▶ _GIVEN DATA_
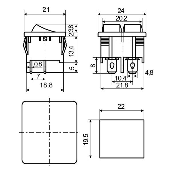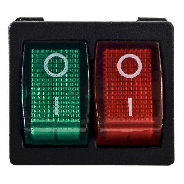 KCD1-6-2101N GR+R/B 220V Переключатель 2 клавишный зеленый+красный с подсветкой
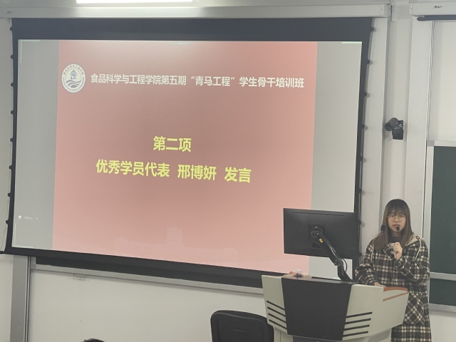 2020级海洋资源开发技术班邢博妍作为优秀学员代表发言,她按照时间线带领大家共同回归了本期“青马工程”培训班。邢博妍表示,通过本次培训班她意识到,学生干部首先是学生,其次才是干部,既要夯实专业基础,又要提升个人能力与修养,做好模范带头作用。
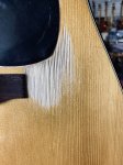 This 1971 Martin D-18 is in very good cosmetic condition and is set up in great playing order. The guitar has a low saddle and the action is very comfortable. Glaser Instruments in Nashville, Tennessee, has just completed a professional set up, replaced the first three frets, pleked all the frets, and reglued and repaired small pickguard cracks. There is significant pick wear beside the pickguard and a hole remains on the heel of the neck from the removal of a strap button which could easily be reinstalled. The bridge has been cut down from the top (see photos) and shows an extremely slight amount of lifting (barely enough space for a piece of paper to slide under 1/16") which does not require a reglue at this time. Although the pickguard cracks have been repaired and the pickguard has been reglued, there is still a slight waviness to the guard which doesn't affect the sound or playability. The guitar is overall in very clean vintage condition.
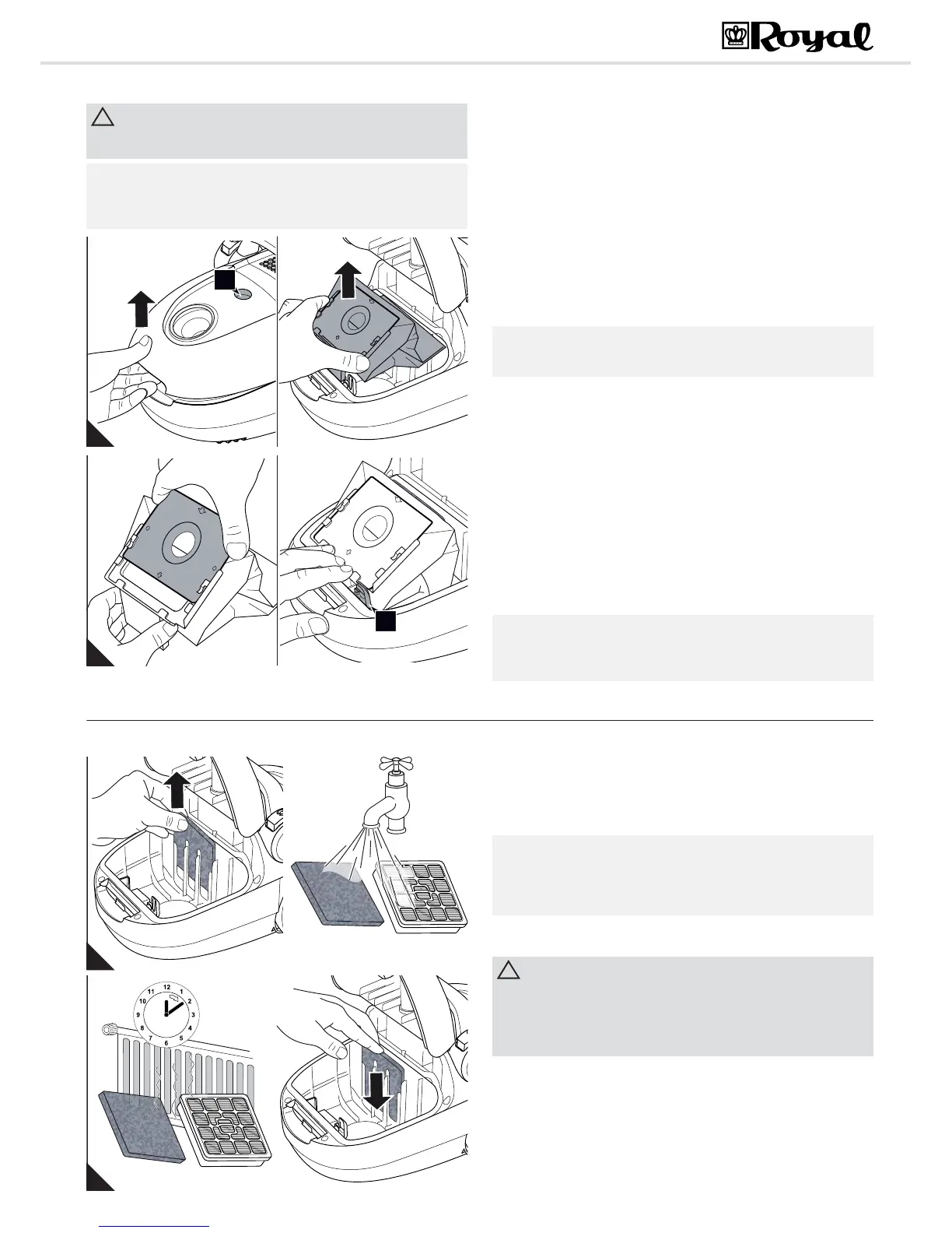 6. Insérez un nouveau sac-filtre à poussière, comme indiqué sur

▶ _AIM OF THE TASK_
Restate only the lines running from the start of the material above through the line containing "2020级海洋资源开发技术班", ends included. No pictures.

▶ _ANSWER SECTION_
 KCD1-6-2101N GR+R/B 220V Переключатель 2 клавишный зеленый+красный с подсветкой
 2020级海洋资源开发技术班邢博妍作为优秀学员代表发言,她按照时间线带领大家共同回归了本期“青马工程”培训班。邢博妍表示,通过本次培训班她意识到,学生干部首先是学生,其次才是干部,既要夯实专业基础,又要提升个人能力与修养,做好模范带头作用。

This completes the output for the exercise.